--- Material provided Enclosed Below ---
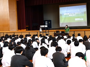 宮城県富谷高等学校普通科では、第1学年の授業において「持続可能な社会を目指すための研究や活動」をテーマに外部講師を招へいした講演会を開催して7年目を迎えます。今年は、基調講演(環境省東北地方環境事務所)と分科会(6組の講師による授業)の2部構成で実施され、昨年に引き続き宮城県拠点が1クラス(41名)を担当しました。
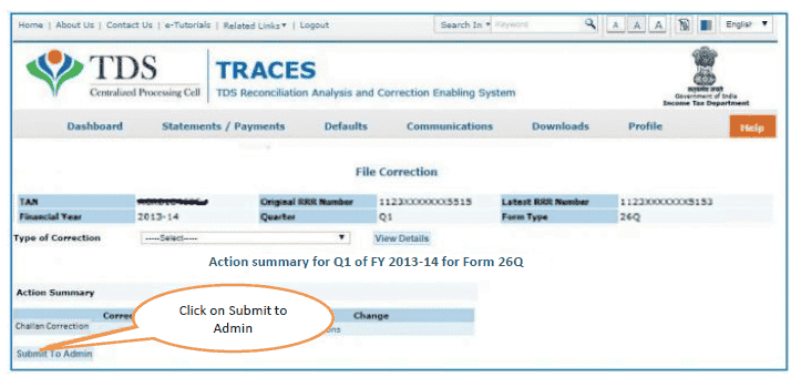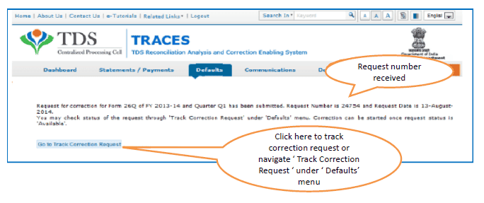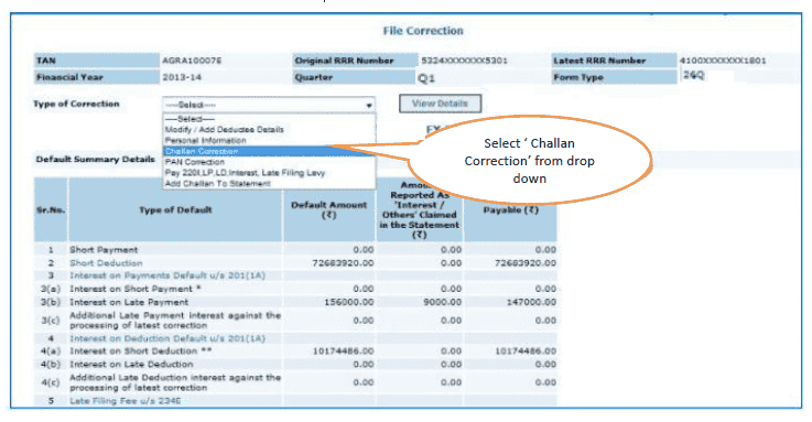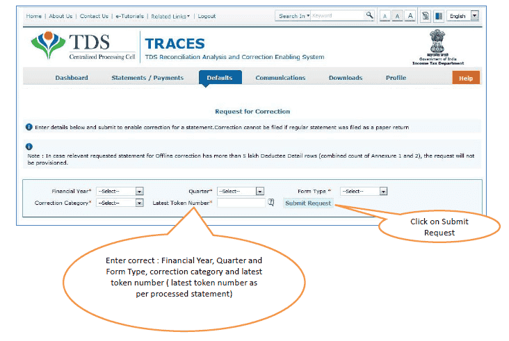 (a) Go to Request for correction under Defaults by entering relevant Quarter, Financial Year, Form Type , Latest Accepted Token number.
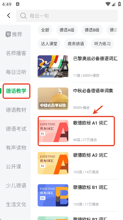 同步双语字幕与单词学习:听力材料均配备双语字幕,播放时结合“德语助手”,长按单词可即时翻译并收藏生词,方便用户边听边学词汇,提高词汇量。
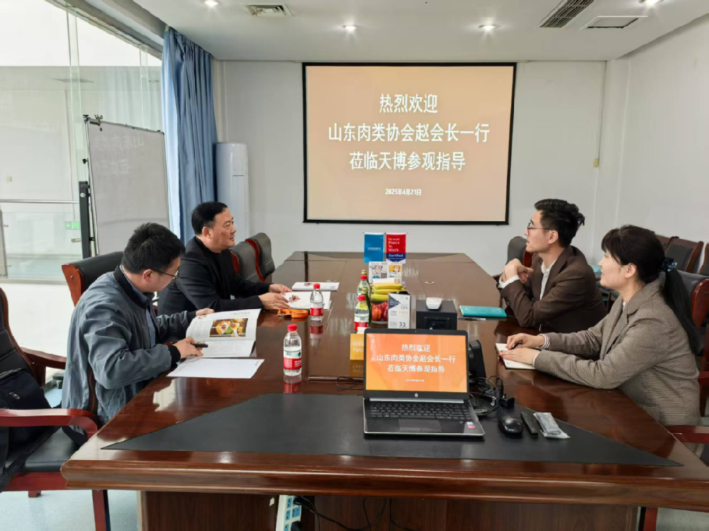 2025年4月21日,山东省肉类协会会长赵晓丹一行赴山东天博食品配料有限公司考察调研,受到公司市场负责人王云龙等有关领导的热情接待。
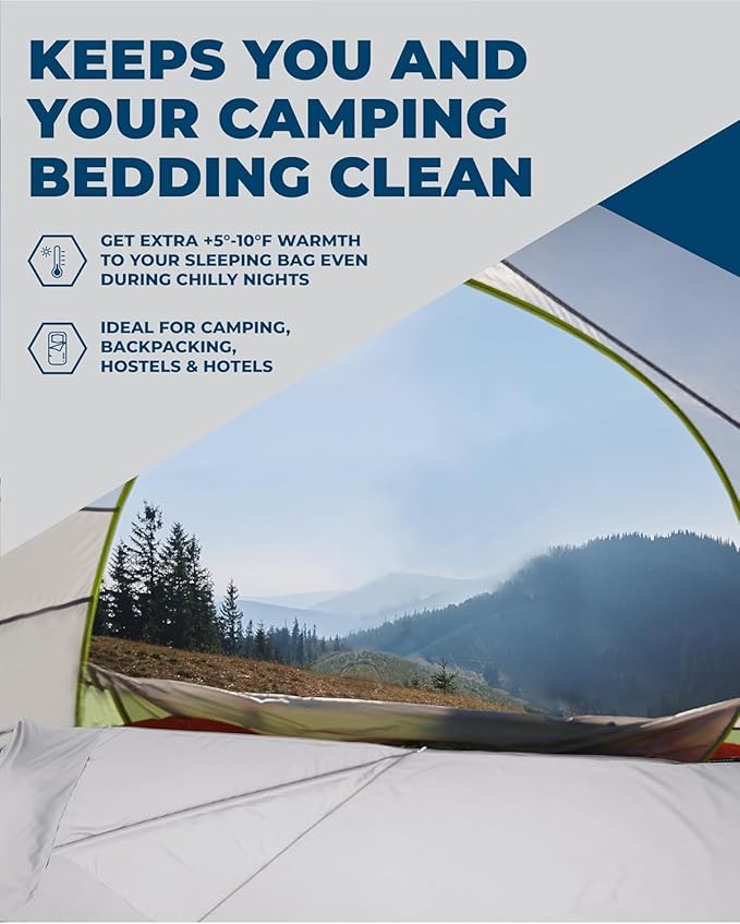 • COZY AND BREATHABLE: The new microfiber version is the perfect hiking gear gift for anyone who loves traveling and camping but misses the feeling of sleeping in their own bed. This is because the cotton feel material helps to maintain a warm and cozy feeling all year around.
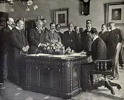 Hay was an early supporter of Ohio's William McKinley and worked closely with McKinley's political manager, Cleveland industrialist Mark Hanna. In 1889, Hay supported McKinley in his unsuccessful effort to become Speaker of the House.[92] Four years later, McKinley—by then Governor of Ohio—faced a crisis when a friend whose notes he had imprudently co-signed went bankrupt during the Panic of 1893. The debts were beyond the governor's means to pay, and the possibility of insolvency threatened McKinley's promising political career. Hay was among those Hanna called upon to contribute, buying up $3,000 of the debt of over $100,000. Although others paid more, "Hay's checks were two of the first, and his touch was more personal, a kindness McKinley never forgot". The governor wrote, "How can I ever repay you & other dear friends?"[93]
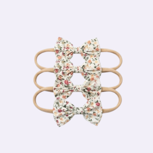 Vintage Floral Bow Baby Headband – Soft Cream Cotton Print on Stretchy Nylon Band
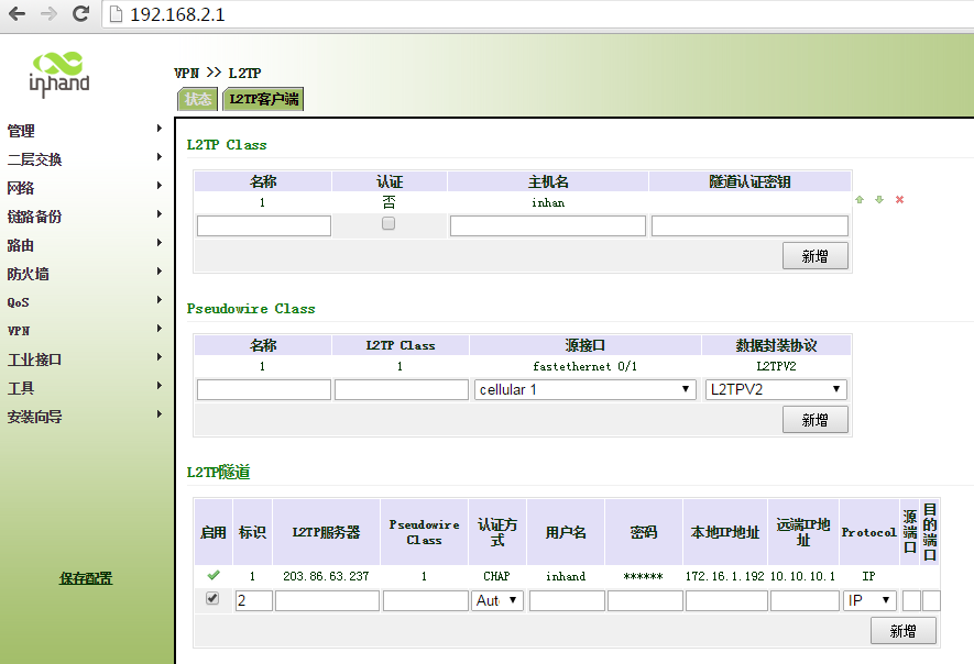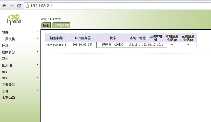 3、L2TP隧道配置中,填写LNS服务器地址,调用Pseudowrie Class1,认证方式为CHAP,用户名密码填入、本地IP 172.16.1.192(Cisco IP l2tp pool中的地址),远端IP 10.10.10.1(Cisco interface virtu1-template2 的IP)。建立成功后如图3-2。
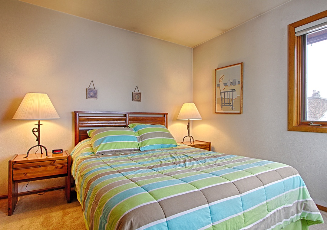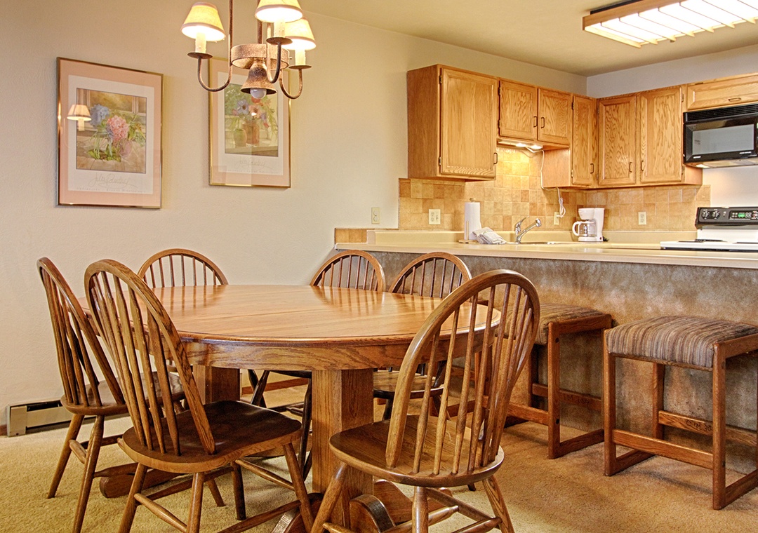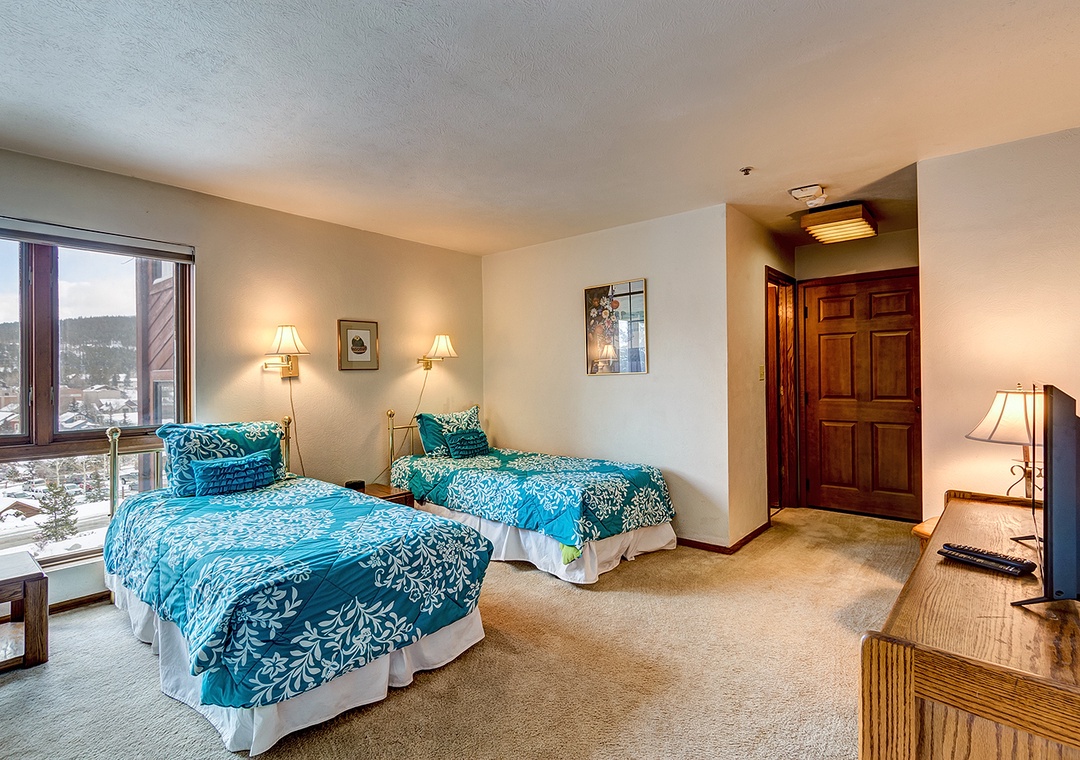 This moderate condo is one of our best values for an in-town two bedroom unit. This beautiful Breckenridge lodging accommodation is located just two blocks off of Main Street and about 250 yards to the base of Peak 9 and the Quicksilver lift. The unit is about 1,200 square feet and happens to be one of our most spacious two bedrooms. The building offers an underground heated garage parking, indoor hot tubs and a steam sauna. Guests will also have use of the Upper Village outdoor heated pool and hot tubs right down the street. There is a rustic wood fireplace with additional wood supplied in the garage.
--- End of Enclosed Material provided ---
Problem requirements = The lines to write out are those from the first line of the listing above through the line bearing "2025年4月21日,山东省", both included, copied exactly with pictures dropped.

Solution for this task =
 宮城県富谷高等学校普通科では、第1学年の授業において「持続可能な社会を目指すための研究や活動」をテーマに外部講師を招へいした講演会を開催して7年目を迎えます。今年は、基調講演(環境省東北地方環境事務所)と分科会(6組の講師による授業)の2部構成で実施され、昨年に引き続き宮城県拠点が1クラス(41名)を担当しました。
 (a) Go to Request for correction under Defaults by entering relevant Quarter, Financial Year, Form Type , Latest Accepted Token number.
 同步双语字幕与单词学习:听力材料均配备双语字幕,播放时结合“德语助手”,长按单词可即时翻译并收藏生词,方便用户边听边学词汇,提高词汇量。
 2025年4月21日,山东省肉类协会会长赵晓丹一行赴山东天博食品配料有限公司考察调研,受到公司市场负责人王云龙等有关领导的热情接待。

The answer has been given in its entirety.